Enhanced Innovized Repair Operator for Evolutionary Multi- and Many-objective Optimization

• URL: http://arxiv.org/abs/2011.10760v1
• Date: Sat, 21 Nov 2020 10:29:15 GMT
• Title: Enhanced Innovized Repair Operator for Evolutionary Multi- and Many-objective Optimization
• Authors: Sukrit Mittal and Dhish Kumar Saxena and Kalyanmoy Deb and Erik Goodman
• Abstract summary: "Innovization" is a task of learning common relationships among some or all of the Pareto-optimal (PO) solutions in optimisation problems. Recent studies have shown that a chronological sequence of non-dominated solutions also possess salient patterns that can be used to learn problem features. We propose a machine-learning- (ML-) assisted modelling approach that learns the modifications in design variables needed to advance population members towards the Pareto-optimal set.

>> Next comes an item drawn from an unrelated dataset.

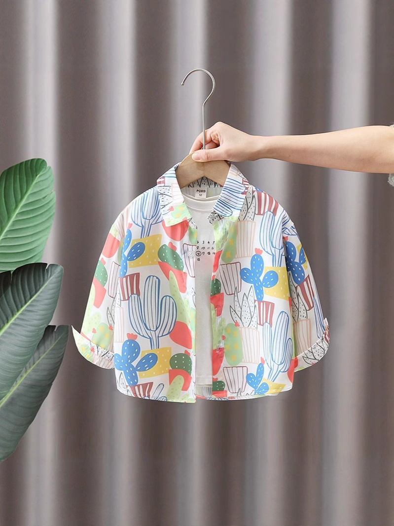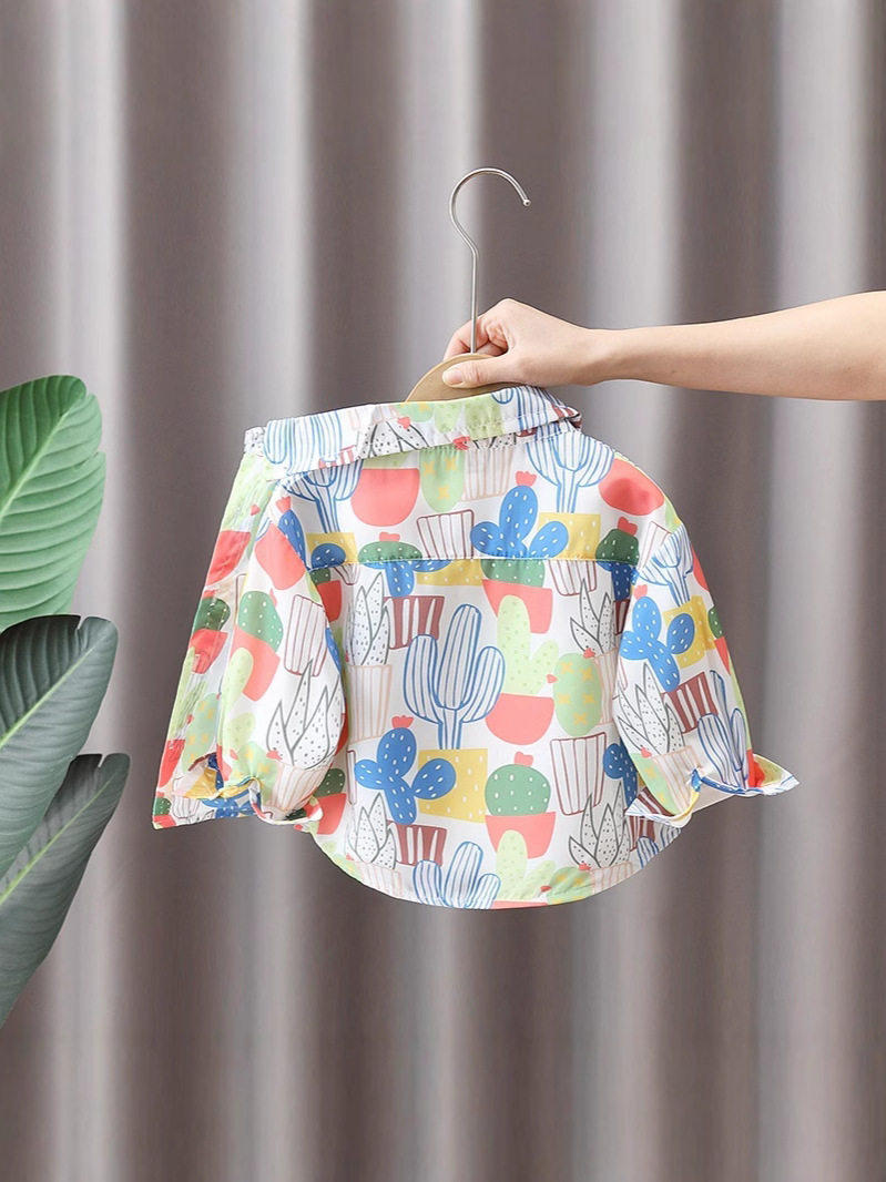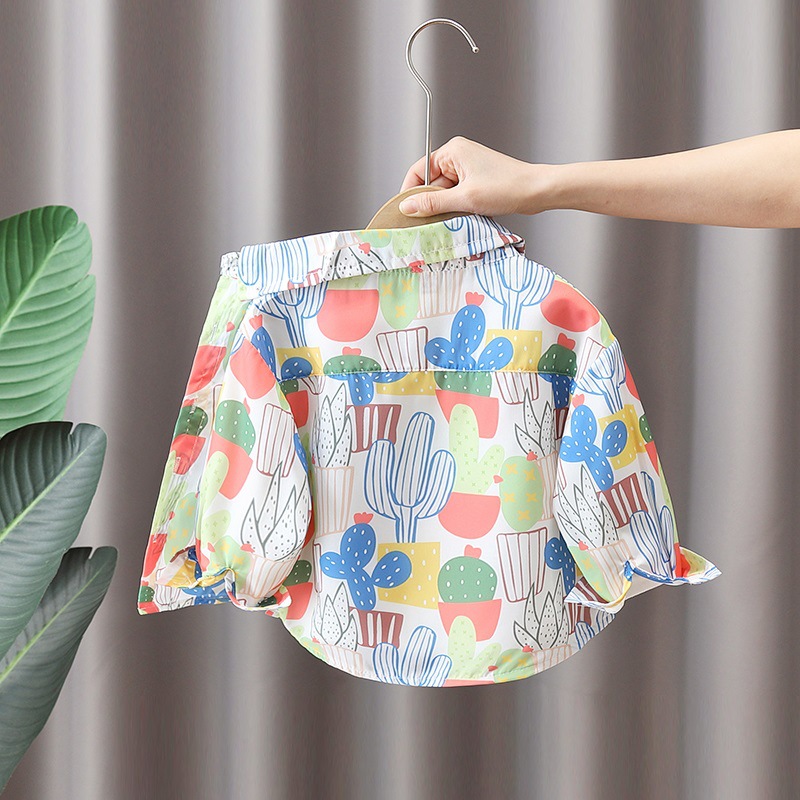 소년과 소녀를위한 어린이 꽃 셔츠 여름 캐주얼 쉬폰 셔츠 아기 봄, 가을 어린이를위한 얇은 긴팔 자외선 차단 의류

• Score: 5.885238773559015
• License: http://arxiv.org/licenses/nonexclusive-distrib/1.0/
• Abstract: "Innovization" is a task of learning common relationships among some or all of the Pareto-optimal (PO) solutions in multi- and many-objective optimization problems. Recent studies have shown that a chronological sequence of non-dominated solutions obtained in consecutive iterations during an optimization run also possess salient patterns that can be used to learn problem features to help create new and improved solutions. In this paper, we propose a machine-learning- (ML-) assisted modelling approach that learns the modifications in design variables needed to advance population members towards the Pareto-optimal set. We then propose to use the resulting ML model as an additional innovized repair (IR2) operator to be applied on offspring solutions created by the usual genetic operators, as a novel mean of improving their convergence properties. In this paper, the well-known random forest (RF) method is used as the ML model and is integrated with various evolutionary multi- and many-objective optimization algorithms, including NSGA-II, NSGA-III, and MOEA/D. On several test problems ranging from two to five objectives, we demonstrate improvement in convergence behaviour using the proposed IR2-RF operator. Since the operator does not demand any additional solution evaluations, instead using the history of gradual and progressive improvements in solutions over generations, the proposed ML-based optimization opens up a new direction of optimization algorithm development with advances in AI and ML approaches.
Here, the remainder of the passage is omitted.